---------- Recorded information ----------

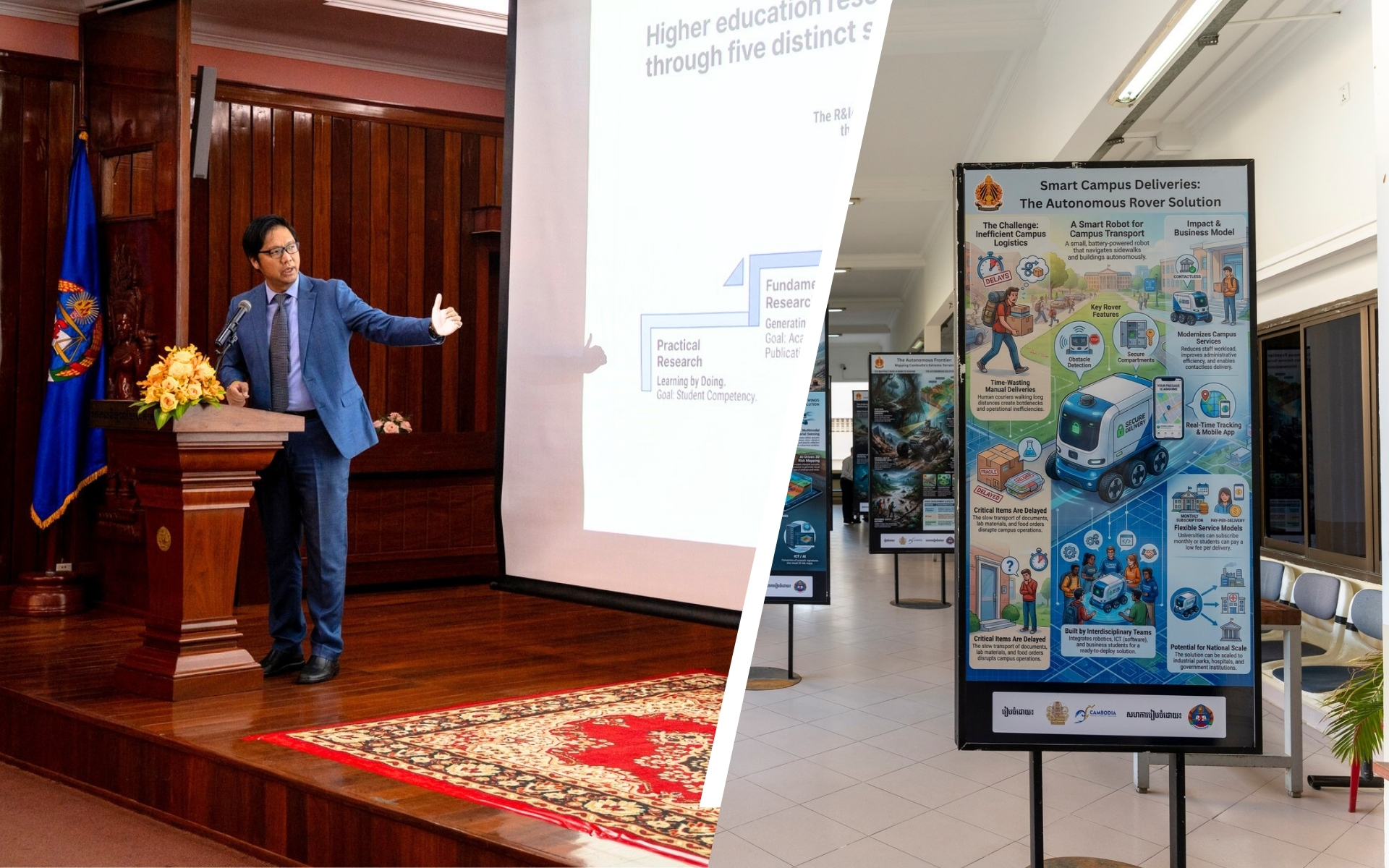 ក្នុងសិក្សាសាលាស្តីពី “ការចែករំលែកបទពិសោធនៃការអនុវត្តកម្មវិធីកំណែទម្រង់ឧត្តមសិក្សា” ធ្វើឡើងនៅវិទ្យាស្ថានបច្ចេកវិទ្យាកម្ពុជា កាលពីថ្ងៃចន្ទ ដោយមានការចូលរួមពីសាកលវិទ្យាល័យធំៗនៅកម្ពុជា ឯកឧត្តម ហង់ជួន ណារ៉ុន មានប្រសាសន៍ថា ក្រសួងអប់រំ យុវជន និងកីឡា បាននិងកំពុងយកចិត្តទុកដាក់ធ្វើទំនើបកម្មវិស័យអប់រំកម្រិតឧត្តមសិក្សាតាមរយៈការជំរុញការស្រាវជ្រាវនិងអភិវឌ្ឍន៍ ការបោះពុម្ពផ្សាយ និងការដាក់បញ្ចូលបច្ចេកវិទ្យាបញ្ញាសិប្បនិម្មិត (AI) ក្នុងប្រព័ន្ធការងារ ការរៀននិងបង្រៀន។
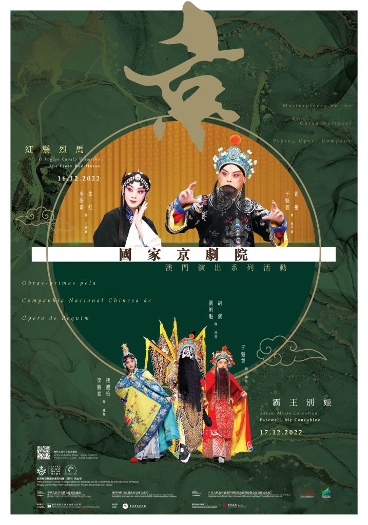 由中華人民共和國文化和旅遊部、澳門社會文化司主辦,中央人民政府駐澳門特別行政區聯絡辦公室宣傳文化部、澳門教育及青年發展局、中國對外文化集團有限公司協辦,並由澳門文化局承辦的國家京劇院澳門演出系列活動,將於12月16日及17日晚上7時半在澳門文化中心綜合劇院上演。
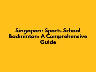 Singapore Sports School Badminton: A Comprehensive Guide

----------

*Exercise requirements*
Reproduce the data word for word; no pictures.

*Expected answer*
 ក្នុងសិក្សាសាលាស្តីពី “ការចែករំលែកបទពិសោធនៃការអនុវត្តកម្មវិធីកំណែទម្រង់ឧត្តមសិក្សា” ធ្វើឡើងនៅវិទ្យាស្ថានបច្ចេកវិទ្យាកម្ពុជា កាលពីថ្ងៃចន្ទ ដោយមានការចូលរួមពីសាកលវិទ្យាល័យធំៗនៅកម្ពុជា ឯកឧត្តម ហង់ជួន ណារ៉ុន មានប្រសាសន៍ថា ក្រសួងអប់រំ យុវជន និងកីឡា បាននិងកំពុងយកចិត្តទុកដាក់ធ្វើទំនើបកម្មវិស័យអប់រំកម្រិតឧត្តមសិក្សាតាមរយៈការជំរុញការស្រាវជ្រាវនិងអភិវឌ្ឍន៍ ការបោះពុម្ពផ្សាយ និងការដាក់បញ្ចូលបច្ចេកវិទ្យាបញ្ញាសិប្បនិម្មិត (AI) ក្នុងប្រព័ន្ធការងារ ការរៀននិងបង្រៀន។
 由中華人民共和國文化和旅遊部、澳門社會文化司主辦,中央人民政府駐澳門特別行政區聯絡辦公室宣傳文化部、澳門教育及青年發展局、中國對外文化集團有限公司協辦,並由澳門文化局承辦的國家京劇院澳門演出系列活動,將於12月16日及17日晚上7時半在澳門文化中心綜合劇院上演。
 Singapore Sports School Badminton: A Comprehensive Guide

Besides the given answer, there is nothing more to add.